Print the lines that run from the line with "Od Kępy dzień" to the line with "Beautiful view from", keeping both end lines, exactly as they appear in the entries below, and nothing else.

▶ [Dataset excerpts]
^^^^

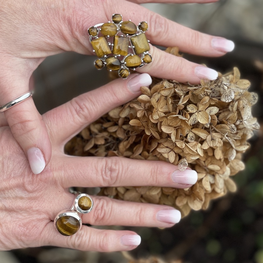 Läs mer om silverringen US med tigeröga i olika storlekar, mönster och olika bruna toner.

^^^^

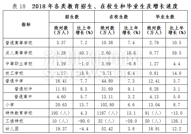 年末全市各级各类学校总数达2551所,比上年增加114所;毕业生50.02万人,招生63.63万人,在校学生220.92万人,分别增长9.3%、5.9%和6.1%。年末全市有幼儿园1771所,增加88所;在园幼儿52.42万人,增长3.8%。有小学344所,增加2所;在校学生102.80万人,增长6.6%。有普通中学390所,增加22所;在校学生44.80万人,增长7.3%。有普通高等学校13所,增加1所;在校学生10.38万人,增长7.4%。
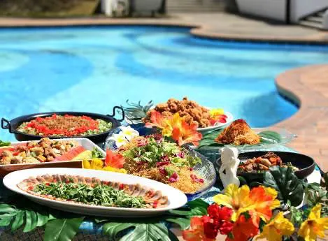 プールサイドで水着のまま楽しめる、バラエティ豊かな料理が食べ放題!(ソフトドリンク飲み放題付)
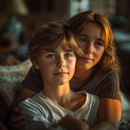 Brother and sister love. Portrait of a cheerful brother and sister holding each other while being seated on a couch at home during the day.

^^^^

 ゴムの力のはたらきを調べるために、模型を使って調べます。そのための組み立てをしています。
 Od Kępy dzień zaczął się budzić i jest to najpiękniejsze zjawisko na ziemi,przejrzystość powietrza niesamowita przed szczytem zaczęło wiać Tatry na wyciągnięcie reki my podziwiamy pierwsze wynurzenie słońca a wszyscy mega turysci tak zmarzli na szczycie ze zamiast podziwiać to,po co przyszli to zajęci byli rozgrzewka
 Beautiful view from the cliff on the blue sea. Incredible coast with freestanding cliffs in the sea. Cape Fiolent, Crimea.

^^^^

▶ [Solution to this task]
 Od Kępy dzień zaczął się budzić i jest to najpiękniejsze zjawisko na ziemi,przejrzystość powietrza niesamowita przed szczytem zaczęło wiać Tatry na wyciągnięcie reki my podziwiamy pierwsze wynurzenie słońca a wszyscy mega turysci tak zmarzli na szczycie ze zamiast podziwiać to,po co przyszli to zajęci byli rozgrzewka
 Beautiful view from the cliff on the blue sea. Incredible coast with freestanding cliffs in the sea. Cape Fiolent, Crimea.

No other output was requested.